Two naughty operas appear on disc
What bothers me about Puccini is the trash. I'm not of the "shabby-little-shocker" school of Puccini scorn, but I understand it better than I do Puccini, who seemed to have something of an attention-deficit disorder aesthetically. Just when I think he's onto something, he breaks the trance with music of a jarringly different character, rhythm, and risible banality. I call for my first witness "Nessun Dorma," three minutes of money notes only the coldest serialist could disdain. In the house, the inevitable ovations allow the sound to decay before music of astonishing triviality follows, a luxury recordings don't afford.

While I'm assured that La Fanciulla de West sports the "late" Puccini style, I don't take "late" to mean more mature. So I've avoided The Girl onstage, abetted by SF Opera's having produced it only once during the three decades I was a regular. Then came the Vienna State Opera's 2013 Fanciulla, just out on DVD (Sony). Starring Jonas Kaufmann, the Tristan we're waiting for, and Nina Stemme, the Isolde of the day and on paper an improbable Minnie, it was the kind of show only the late, lamented Pierre Boulez and his disciples could have avoided.

Somehow it's easier to excuse the libretto's ethnic slurs (yellow-faced Chinamen, Injuns and their whisky) from a stage in faraway Vienna, and Marco Arturo Marelli's strikingly lit production entertains without outsmarting itself. The miners hear camp minstrel Jake Wallace's homesick song from a cassette deck on the bar at The Polka. There's just enough distance from the Golden West to save the day, and enough fidelity to the piece to catch its pulse.

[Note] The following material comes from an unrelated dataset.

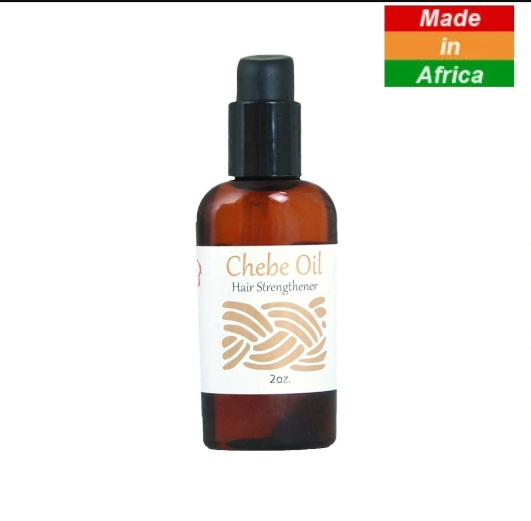 Chebe Oil Hair Strengthener 2 oz Hair oil made with 100% authentic Chebe powder from Chad, Africa. Chebe (pronounced shea bay) powder is a traditional hair growth remedy from Chad, Africa. It has been used for generations to increase hair growth and prevent breakage. All natural, and only available from plants in this remote part of Africa. M-P410 Chebe is the secret to very long hair in Chad. In Chad women’s hair often goes past their waist. For African women elsewhere, this length of hair is almost never seen. Moisturizes hair and prevents breakage. The Basara women in Chad are known to have very long hair. They cover their hair in a home made mixture that keeps their hair super moisturized and lubricated which is the reason given for why they say their hair never breaks; even from childhood. This is made with ingredients that are only found in Chad and Sudan. Unlike shea butter and other hair moisturizers, Chebe penetrates the hair shaft to prevent breakage like nothing else. Also de-tangles easily making hair easier to manage. Chebe oil can be used daily. Ingredients: Grape Seed oil, Black Castor oil, Olive oil, Argan oil, Jojoba oil, Blood Orange essential oil, Chebe Powder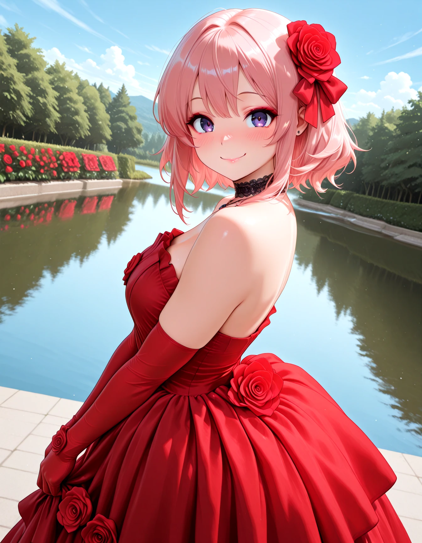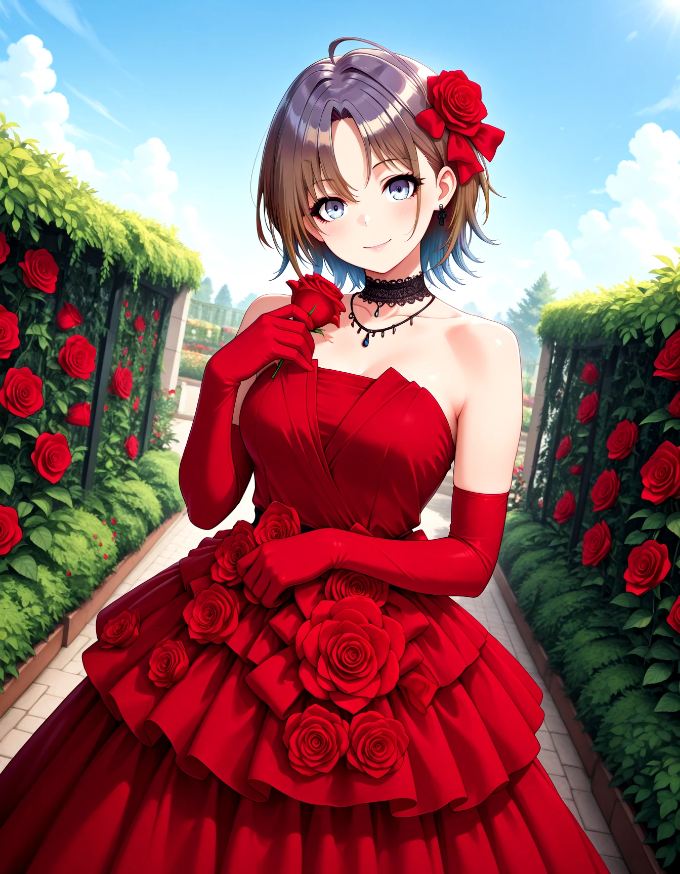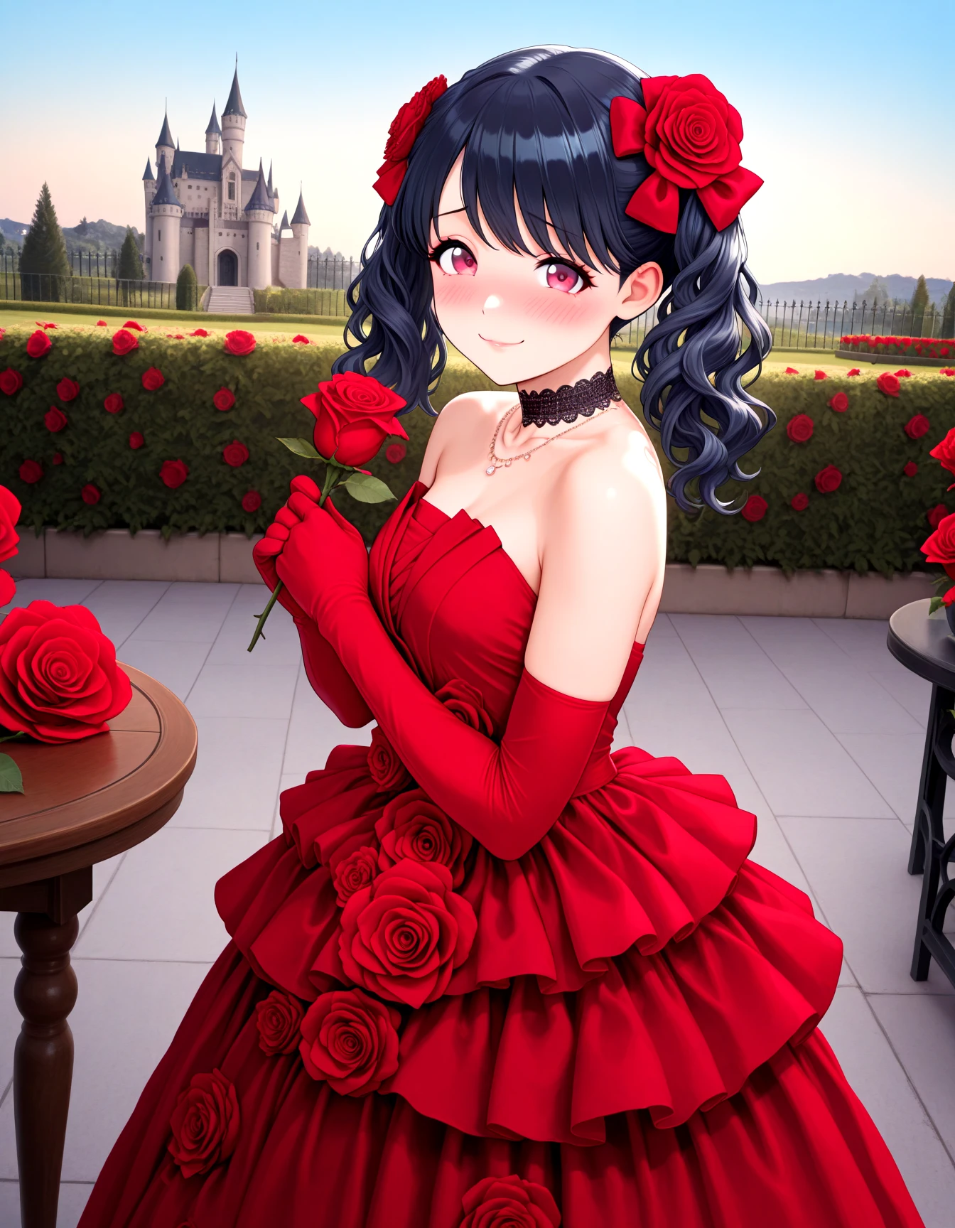 KUR1RG, elbow gloves, red gloves, red dress, strapless dress, long dress, gown, red flower, red rose, bare shoulders, hair ornament, hair flower, red bow, hair bow, black choker, lace choker, jewelry, dress flower, necklace, frills

I wouldn't have thought Franz Welser-Most the ideal Puccini conductor, but from the pit he leads a performance that seethes, and his cast sings its collective heart out. Kaufmann is the only tenor I've heard sing the answer to Minnie's question about his real name (Dick Johnson, he lies) and answer "Deek" without sounding like a dolt. If his voice were riper, you'd recoil, but he sings the role heroically, with abandon. Stemme's feisty Minnie melds authority with warmth, personality to burn infusing her voice at its most magnificent. Tomasz Konieczny's Sherriff Jack Rance strides right between them, eyes flashing, and his singing is, well, arresting, blazing more fearsomely than his gun, as he acts circles around the jittery lovers.